As shown for many tested functions, there was a large variability within the ASD (compared to the TD) group in the modulating impact of action-effect temporal contiguity on response times. Approximately a third of the ASD participants demonstrated an opposite trend regarding the impact of action-effect delay on RTs, a similar proportion of subjects demonstrated no noticeable impact, and the rest showed a typical effect. For the TD group, approximately 80% of the participants showed at least some facilitation effect from an immediate action-effect (see Fig. 3). Such variability within the ASD group may be considered a limitation of this study in detecting a pattern that characterizes the core ASD mechanism. However, it is also consistent with our theoretical claim for a system less constrained by ecological statistical regularities. Note that this pattern may also account for the variability in sensory symptoms within the autistic population (Happé et al., 2006; Uljarević et al., 2017), leading to apparent inconsistency between studies typically interested in groups’ mean differences. Thus, the results can set the stage for further studies on sensory phenotyping, and encourage future studies using basic perceptual and motor tasks to explore systematic variability within the autism to advance our understanding of potential ASD subtypes.

The current findings raise other potential limitations and suggestions for future research.
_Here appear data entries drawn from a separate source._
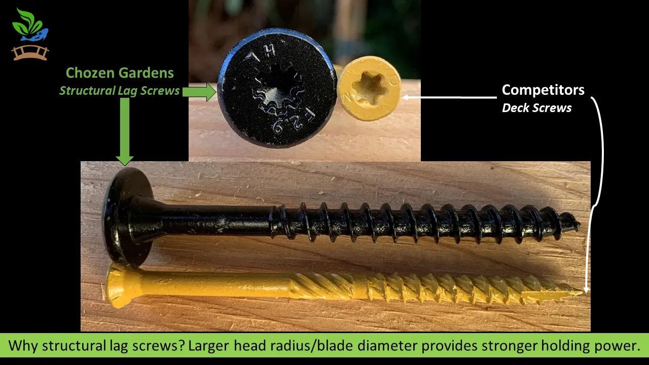 Most people underestimate the size of these cedar boxes and the fat screws I use to clamp the corners. The threads on these screws are like razorblades that'll pierce and hold the cedar planks together. Additionally these have "washer heads" which are large in diameter to push the wood together. Those dinky decking screws won't cut it, they're far smaller in diameter and sink through the box, my heavy duty screws securely clamp the box together.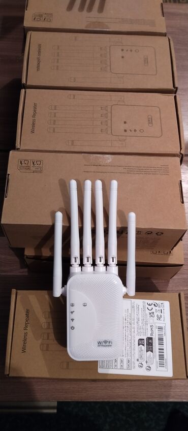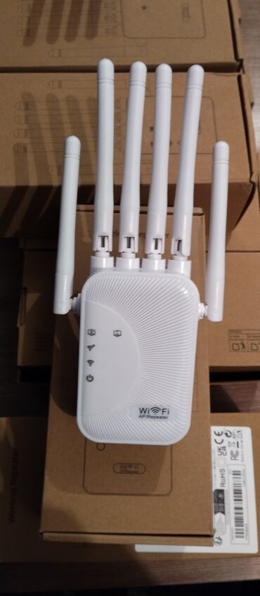 Wi‑Fi AP/Repeater – 4və 6 antennali siqnal gücləndirici Wi‑Fi Siqnal Gücləndirici/Repeater Əgər wifiniz güclüdür amma otağınızda 1 xətt tutur və ya qonşunuz wifisi sizdə tutur amma zəifdi bu alət s...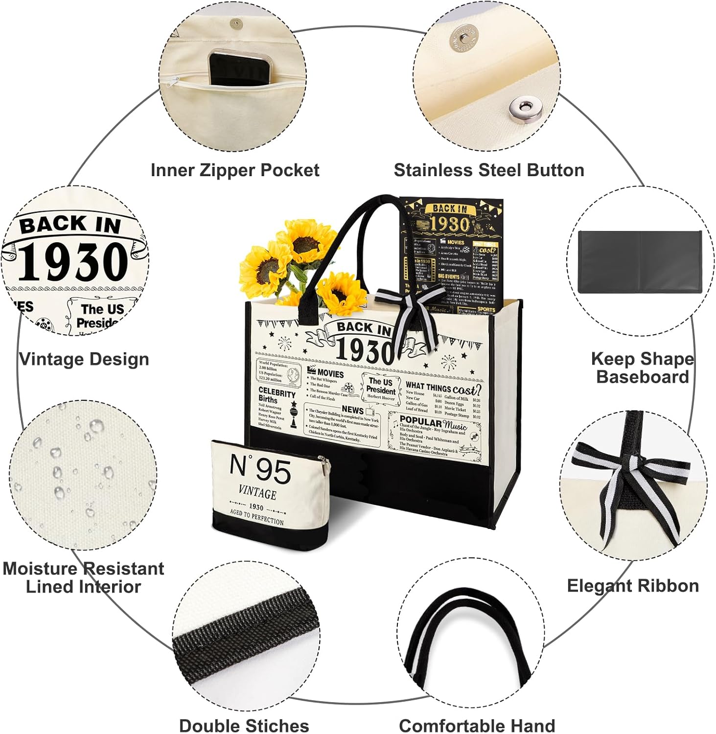 • Large Capacity Tote Bag: Our 95th birthday tote bag for women is designed to accommodate all your essentials. With large capacity (16.8”L*12.4”H*7.5”W), tote bag is easily contained clothes, shoes, beach towels, snacks, an iPad and magazines, and etc. It has an inside zippered pocket for valuables. The size of cosmetic bag is 9.3”W x 7”H. Roomy enough to hold your basic beauty supplies.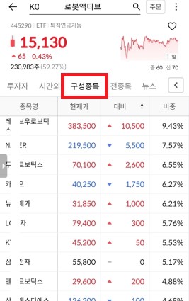 그럼 한번 ETF안에 어떤 종목들이 투자되고 있는지 확인해 볼까요?
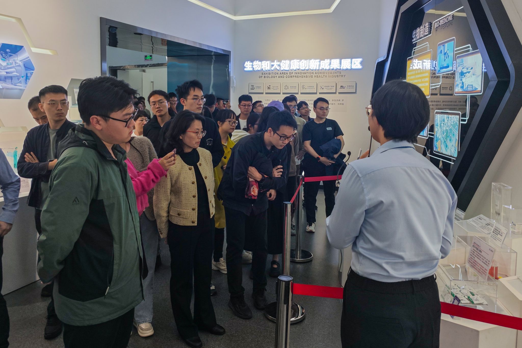 在专业讲解员的带领下,学员们深入探索“创引擎”“创智慧”“创未来”三大主题展区,逐个参观“人造太阳”全超导托卡马克装置、稳态强磁场模型等尖端科研成果。世界首台量子计算机、世界首颗量子通信卫星“墨子号”、0.12毫米超薄玻璃……学员们被安徽科技创新的魅力与活力深深感染。特别是在与自身专业相关的生物和大健康创新成果展区,学员们边看边记录,更加深刻地认识到作为新时代青年在科技创新、服务国家大健康战略中的重要作用和责任。学员们纷纷表示将坚定科学探索的精神,勇于创新,不断追求卓越,以更加积极的态度投身于学习和科研工作,努力成为具有创新精神和实践能力的人才,为实现科技强国梦贡献青春力量。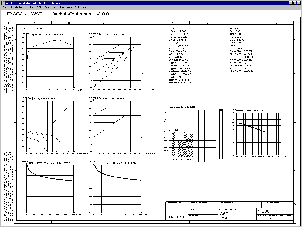 In der Quick4-Ansicht werden die Werkstoffdaten mit den wichtigsten Diagrammen im DIN A3 Zeichnungsrahmen nach ISO 7200 oder DIN 6771 auf einer Bildschirmseite angezeigt.

In the present study, response times, which are typically slower and more variable (Dinstein et al., 2012) in ASD groups, were used as the primary variable indicating motor performance. Although RTs of both ASD and TD groups were shorter following an immediate effect (compared to no-effect), future work may also consider using other measures for motor performance. For example, previous work using an endpoint movement task demonstrated that temporally contiguous (compared to delayed) action-effect improved movement’s endpoint precision (Karsh et al., 2023). These kinds of tasks are less dependent on participants’ response time tendency and enable examining movement kinematics in addition to motor outcomes. Finally, it should also be considered that the attenuated impact of action-effect temporal contiguity on motor response selection in ASD may characterize a perceptual system that atypically processes temporal information (for a review, see Casassus et al., 2019) rather than a general alternation in motor-based evaluation of sensorimotor predictions. This can be examined in a future study by manipulating action-effect spatial predictability instead of temporal contiguity (Karsh et al., 2016; Exp. 2). Finally, the study procedure and requirements challenged our ability to include a larger sample of ASD participants from different levels of functioning. Future work is encouraged to use a larger sample of participants with varying levels of functioning and sensory symptoms, which may interact with action-effect delay to impact motor performance.

Conclusions

The study integrates previous work in the perceptual and motor domains to provide novel insights on how such atypical sensory processing of an own-action effect can be related to motor performance in ASD. Specifically, the current work is the first to study the impact of action-effect and its temporal contiguity on motor performance in ASD. Like TD individuals, the motor performance of individuals diagnosed with ASD benefited from action’s immediate perceptual feedback. However, in contrast to TD individuals, the motor performance of individuals with ASD was uniformly influenced by negligible and significant action-effect delays. The findings align with the reduced perceptual specialization account in ASD, suggesting that sensory perception is less flexible to account for statistical regularities in an ecological manner. The present study supports that part of the etiology of the motor symptoms often accompanying ASD is related to sensory perception of an own-action effect.